AndreyNikiforov / vault2git

Converts vault repository to git
52 stars 51 forks source link

improved error handling #10

Open ormico opened 11 years ago

ormico commented 11 years ago

check for no labels pause between vault operations retry vault operations on error

robe070 commented 11 years ago

I have done some work on trying to make it run faster. I have come to the conclusion that the Vault API does not have a 'get changeset' command. It only gets a Version. When it gets a Version it copies the current state of every file into the WorkingFolder. As your repository grows it gets slower and slower. I started with 0.7 secs and by Version 4600 it was > 13 secs.

So why this change has decided it impacts the server baffles me. In my case it definitely does not. It only goes there to get the changed files. The rest comes from the client-side cache.

ormico commented 11 years ago

On my server, and this may be different for other people, on large repositories I'll see vault return errors a handful of times. If I run it in debug in visual studio I've found that I can just move the execution pointer back and rerun the same command and it always succeeds. When I add this tiny wait in between commands I don't get any errors.

robe070 commented 11 years ago

I think you should be running Vault2Git on a separate machine to your Vault Server. 99% of its activity is with the client-side cache. It hardly goes to the server at all - just to get the changes between versions. The rest is copying cache to the working directory which is horrifically slow - my 22,000 files take about 22 seconds right now.

I rarely get exceptions, and when I do your retry code does the trick. No need for the delay between every get.

ormico commented 11 years ago

I never run vault2git on the server.

ormico commented 11 years ago

It doesn't matter to me. I only have 1 repo left to convert and it is low priority. I do get errors frequently enough for it to be a hassle which is why I made these changes.
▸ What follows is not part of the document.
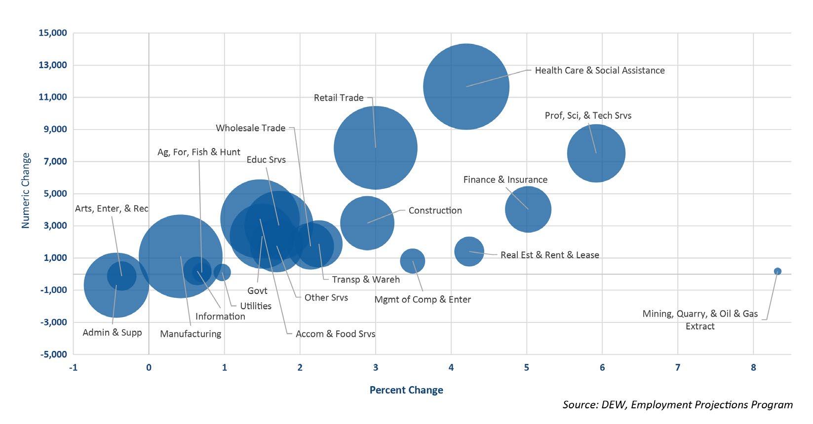 The bubble chart in Figure 3 illustrates the employment projections across various industry sectors with bubble size determined by base employment level and the axes showing the two-year change The Health Care and Social Assistance industry sector is a clear, projected leader .

With the two changes I submitted, can leave a large repo converting and go do something else and be assured that when I come back hours later it will have finished successfully and not have errored or hung. It might work just as well if you left the Try/Catch logic in and took out the 0.2 sec wait after each GET but personally I would rather it take slightly longer and be assured it would work and not have to re-do it.

But that is just me. I'm almost done with this task and just wanted to submit this in case it was helpful to someone else.
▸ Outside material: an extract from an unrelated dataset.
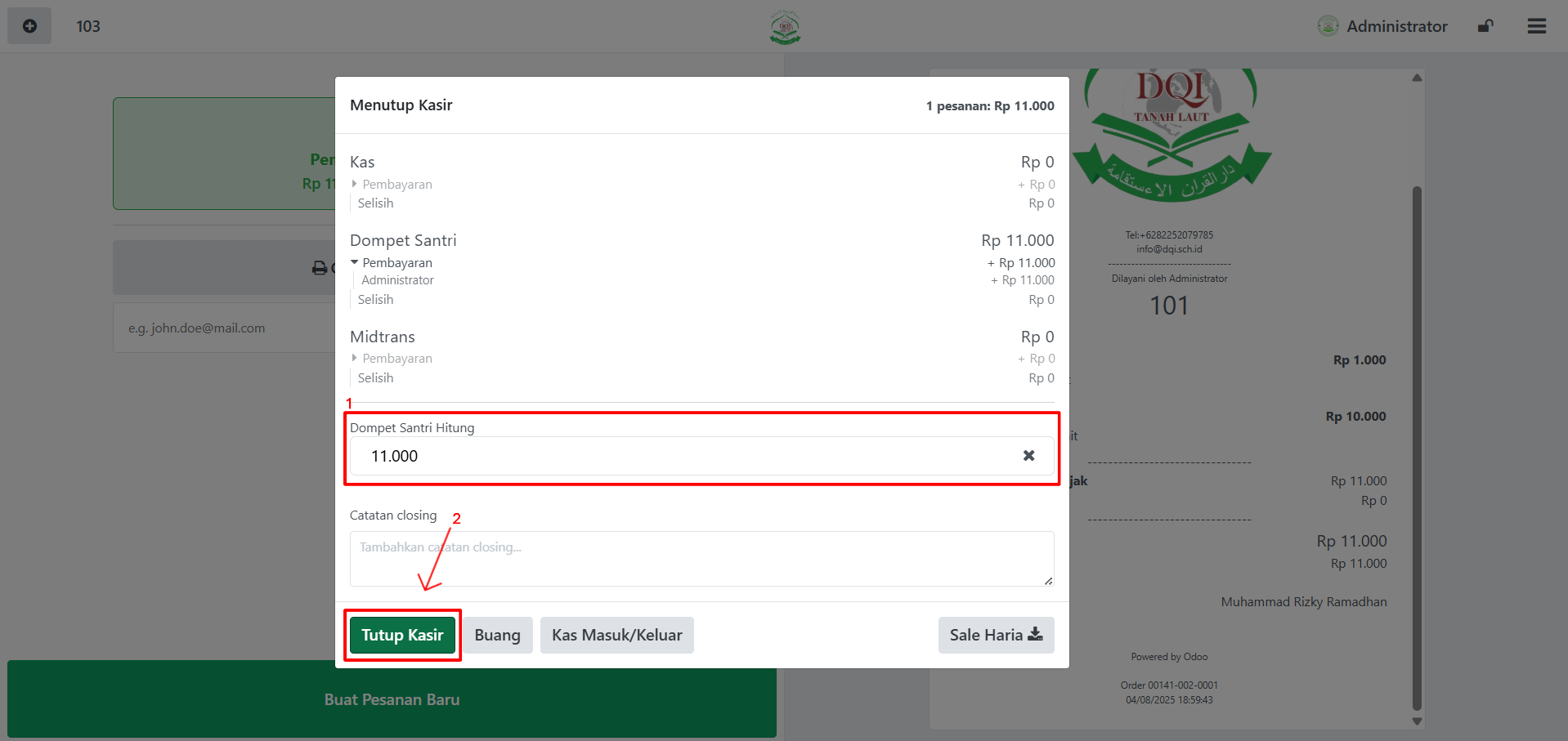 Akan muncul pop up Tutup Kasir. Periksa kolom Dompet Santri Hitung (biasanya otomatis terisi sesuai transaksi). Jika sudah sesuai, klik tombol "Tutup Kasir" untuk menyelesaikan sesi POS.

AndreyNikiforov commented 11 years ago

As far as I remember, Vault API are not backward compatible. E.g. v6 will not connect v4 server. This was the reason I wrote against server I was using (v4) and did not use latest version of DLLs available at that time. This fact also prevented vault2git being distributed as binary utility (in addition to source code): everybody has to get source code, update vault dlls to the version they use, recompile, and prey the API did not change...

I see benefit of keeping source code at the [original] version tested and, possibly, introduce separate branches for other versions of vault dlls.
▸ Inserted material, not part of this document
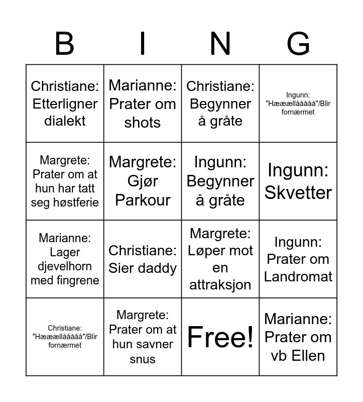 This bingo card has 17 words: Free!, Christiane: "Hææællååååå"/Blir fornærmet, Christiane: Begynner å gråte, Christiane: Etterligner dialekt, Christiane: Sier daddy, Ingunn: "Hææællååååå"/Blir fornærmet, Ingunn: Prater om Landromat, Ingunn: Begynner å gråte, Ingunn: Skvetter, Margrete: Gjør Parkour, Margrete: Prater om at hun savner snus, Margrete: Løper mot en attraksjon, Margrete: Prater om at hun har tatt seg høstferie, Marianne: Prater om shots, Marianne: Lager djevelhorn med fingrene, Marianne: Prater om at hun er redd for å bli sulten and Marianne: Prater om vb Ellen.

robe070 commented 11 years ago

@ormico I'm commenting on the Pull Request being put in the main repo.

You have a comment that the code you introduced was to reduce impact on the Server. But as far as I can see thats not the case, unless you run it on the server.

I completely agree with your code change to retry after an exception. But given the rarity of the exception I do not think it wise to delay 0.2 seconds between every Version. For 21,000 Versions thats an extra 1 hour and 15 minutes. Catching the exception is all that is required. Also, for small repositories 0.2 seconds will double the time to do the conversion.

I have included the catching of the exception in my Pull Request, but not the 0.2s delay and not the label improvement which I have not looked at.

robe070 commented 11 years ago

@AndreyNikiforov Vault API are not compatible any which way. You must match client to server.

So I agree with keeping separate branches for other versions of vault DLLs.

That implies that all Pull Requests to Master should not include the DLLs.

I see benefit of keeping source code at the [original] version tested

I presume that comment is just in relation to the DLLs, not the rest of the code?

atiq-cs commented 6 years ago

Is it not approved yet because of inclusion of dll files in the commit?